Membrane distillation treatment technology for high-salt and low-radioactive wastewater
Each process test link of the nuclear fuel cycle will produce low-level radioactive wastewater (referred to as “low-level wastewater”), such as uranium-containing fluorine-containing low-level wastewater from uranium conversion and purification, boric acid-containing low-level wastewater from nuclear power plants, and various types of nuclear fuel reprocessing. Complex low-level wastewater, high-salt low-level wastewater generated from spent fuel reprocessing, etc.
To protect the environment and human health, these wastewaters must be disposed of in a safe, economical and efficient manner. At present, although this kind of wastewater has been effectively treated and disposed, there are still problems such as complex treatment process, high cost and low efficiency.

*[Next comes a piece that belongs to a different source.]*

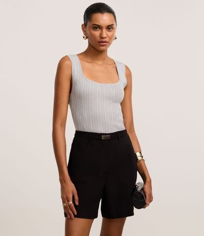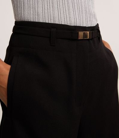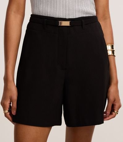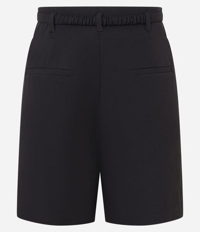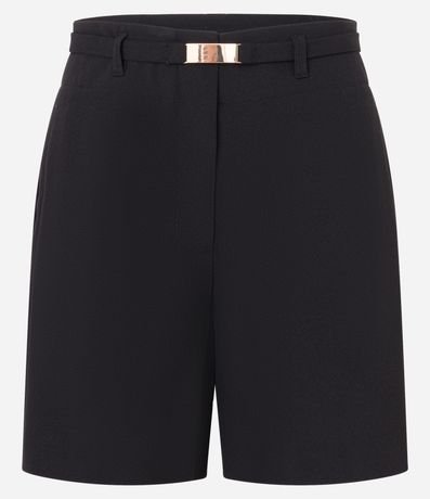 Ref: Short reto alfaiatado, confeccionado em tecido plano, com cintura alta, passantes no cós, cinto elástico com fivela e bolsos falsos atrás.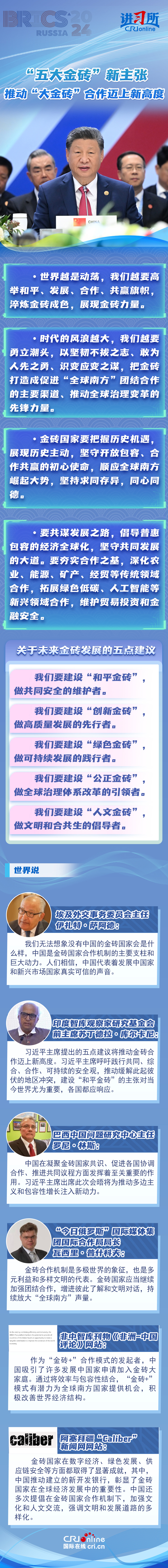 “時(shí)代的風(fēng)浪越大,我們?cè)揭铝⒊鳖^,以堅(jiān)韌不拔之志、敢為人先之勇、識(shí)變應(yīng)變之謀,把金磚打造成促進(jìn)‘全球南方’團(tuán)結(jié)合作的主要渠道、推動(dòng)全球治理變革的先鋒力量?!碑?dāng)?shù)貢r(shí)間10月23日,習(xí)近平主席在俄羅斯喀山出席金磚國(guó)家領(lǐng)導(dǎo)人第十六次會(huì)晤并發(fā)表重要講話,提出共建“和平金磚”“創(chuàng)新金磚”“綠色金磚”“公正金磚”“人文金磚”,為“大金磚合作”擘畫(huà)藍(lán)圖。

Membrane distillation has gradually attracted widespread attention as a new membrane separation technology. Compared with traditional low-level wastewater treatment methods, such as evaporation, chemical precipitation, filtration, ion exchange or a combination of these processes, membrane distillation The technology has many advantages such as simple process flow, low application cost and high efficiency, especially for the concentration and crystallization treatment of high-salinity wastewater, which has irreplaceable advantages.
In this study, the high-salt and low-level discharge wastewater produced by a nuclear facility was treated as the object, and the main chemical compositions Ca(NO3)2 and Al(NO3)3 were used as the simulated source items to prepare the feed liquid, and the air-gap membrane distillation module was studied. The effect of system operating temperature, flow rate and concentration on membrane flux and rejection rate was verified, and the purification effect of the system on real high-salt low-level waste liquid was verified.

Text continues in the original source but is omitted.